Descrição de chapéu

Como superministro, Moro faz uma aposta total no seu futuro político

Juiz pode se cacifar à Presidência ou sumir, como o seu análogo da Operação Mãos Limpas na Itália

Igor Gielow
São Paulo

Ao iniciar a carreira política na qual prometeu nunca enveredar, Sergio Moro tem uma avenida de riscos e oportunidades à frente.

Sergio Moro e Paulo Guedes, o futuro ministro da Economia, após encontrarem Bolsonaro
Sergio Moro e Paulo Guedes, o futuro ministro da Economia, após encontrarem Bolsonaro - Mauro Pimentel/AFP

Os problemas já estão precificados. O principal é a suspeição automática sobre Moro, em que pese que ele condenou gente de toda coloração partidária, na condução do caso de Luiz Inácio Lula da Silva (PT). Aqui é política, não justiça: a aparência conta tanto ou mais do que o que de fato ocorreu. Não dá para dizer, contudo, que não era algo esperado.

Além disso, será interessante ver como o futuro ministro irá se comportar, por exemplo, ao lado do colega Onyx Lorenzoni (DEM-RS). Além de novo chefe da Casa Civil, o deputado admitiu ter recebido caixa dois da JBS no ano passado. Na função de timoneiro da Lava Jato, Moro é um dos responsáveis pelo fato de que um crime considerado banal por políticos tornou-se pecado mortal.

Mais: o juiz cuidará da Segurança Pública, que havia sido extirpada da Justiça no começo do ano. As propostas polêmicas de Jair Bolsonaro (PSL) e seu entorno serão aceitáveis? Como juiz, ele considera isentar policiais que matam em serviço de qualquer processo legal? E como ministro?

O outro lado é claro: as questões acima costumam só incomodar aqueles que já rejeitam Bolsonaro e qualquer coisa associada ao presidente eleito. Logo, para Moro é uma questão de ou tapar o nariz ou inspirar profundamente por concordância; tanto faz no fim.

Há riscos práticos de resultados. A Lava Jato, ao ser "levada para o governo", deixa de ser uma força multidisciplinar exposta a escrutínio, freios e contrapesos das diferentes instituições que a compõem. Claro, não se fala aqui do fim da operação, mas de sua desmoralização.

Como diria Ben Parker (o tio do Homem-Aranha), com grandes poderes vêm grandes responsabilidades. Se Moro será um superministro, terá de fazer escolhas ponderadas para não ser visto como uma espécie de J. Edgar Hoover tropical —o mítico diretor do FBI que passou 48 anos chefiando a arapongagem americana, pois todos os políticos temiam o alcance de sua rede de investigação.
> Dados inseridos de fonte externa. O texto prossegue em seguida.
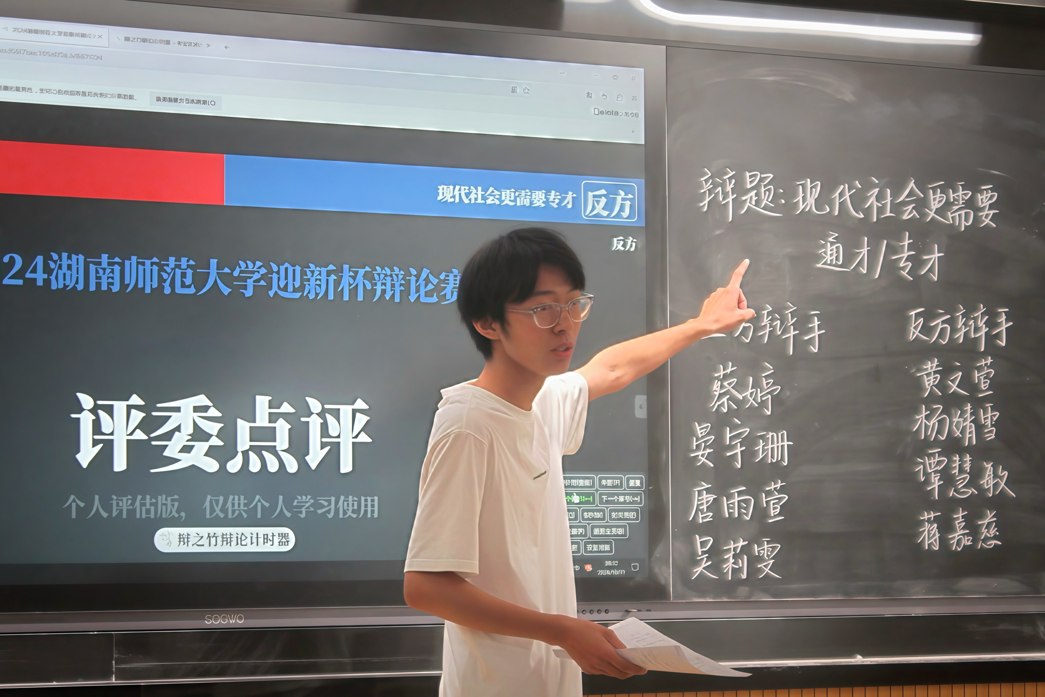 (通讯员 旷晓茜 黎思娆)10月19日晚,教育科学学院(以下简称“教科院”)辩论队于田家炳教育书院201举办2024年院“迎新杯”辩论赛初赛。此次比赛辩题为“现代社会更需要通才/专才”,由教科院2023级辩论队队员付雅芬担任主席。教科院2023级辩论队队长旷晓茜、队员蒋希沅,化学与化工学院2023级辩论队队员王文弟担任此次比赛的评委。正、反方辩手分别来自2024级小学教育班和心理班。
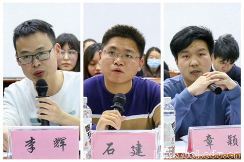 每组展示结束后,评委老师就报告内容等提出问题并对不足之处给出建议,答辩人积极互动,现场气氛活跃。在点评环节,各位评委既充分肯定了实践队伍选题紧跟新时代新政策,同时也对选题过于宏观、切入口过大、描述不清提出建议。三位评委鼓励同学们注重细节,脚踏实地,丰富实践内容,展示法科学子的专业素养。
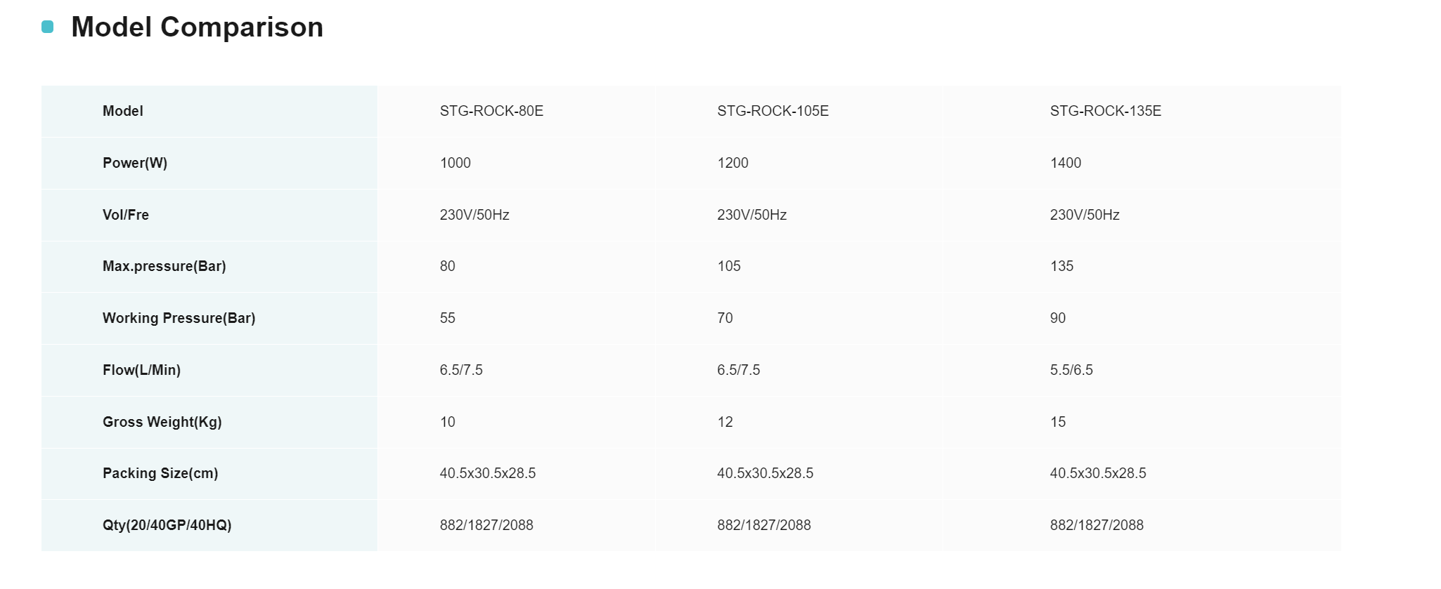 El tercero, STG-ROCK-135E, es un modelo comercial profesional. Con una potencia de 1400W, la presión máxima es de 135Bar, la presión de trabajo es de 90Bar, el caudal es de 5,5/6,5 litros/minuto y el peso de toda la máquina es de 15 kg. La presión y potencia de este modelo es la mayor entre los tres. Con un fuerte rendimiento de alta presión, puede quitar fácilmente las manchas rebeldes del objeto de limpieza. Es muy eficaz para manchas de aceite pesado en talleres industriales, barro en los chasis de vehículos de ingeniería y suciedad rebelde en vallas agrícolas. Es adecuado para escenarios de limpieza intensa, como equipos de limpieza profesionales, talleres de fábricas y granjas.
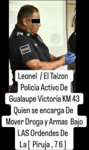 Estuvo asignado la administración pasada al poblado de Ciudad Guadalupe Victoria, y según información no oficial difundida en redes sociales, se encargaba del traslado de estupefacientes, así como el de armas, para la organización criminal antes descrita.

Isso, obviamente, é assunto para quando a realidade se colocar. Assim como o ônus e o desgaste por decisões que afetem direitos civis que, digamos, sejam derrubadas no Supremo Tribunal Federal. Nisso, Bolsonaro acertou em cheio: Moro é um anteparo.

O lado dos prós é relativamente simples. Se aplicar seus superpoderes corretamente e lograr qualquer coordenação com os estados para enfrentar a epidemia de homicídios brasileira, se usar os órgãos de inteligência financeira para não depender apenas do controle da fronteira porosa para frear o PCC, Moro ficará com os louros.

A agenda de combate ao crime organizado, de resto interligada aos 64 mil mártires anuais da violência, já é prioridade do setor militar da equipe de Bolsonaro; se trouxer sua experiência da Lava Jato para a mesa, algo de novo pode surgir.

E aí ser ministro do Supremo passa a ser um prêmio de consolação: a meta tornar-se um ator para disputar a Presidência. Se em 2022 ou em 2026, aí extrapolamos a futurologia.

Como estudioso da Operação Mãos Limpas, a Lava Jato da Itália dos anos 1990 na qual se inspirou, o juiz deve estar a par do destino não muito honroso de Antonio di Pietro, que era o Sergio Moro da ocasião. Ele entrou no governo como ministro (voltaria na década seguinte), tentou viabilizar um partido político em cima de "valores", virou celebridade nacional mas, com o tempo, evanesceu nos meandros da política que quis reformar. Vejamos o que acontecerá aqui.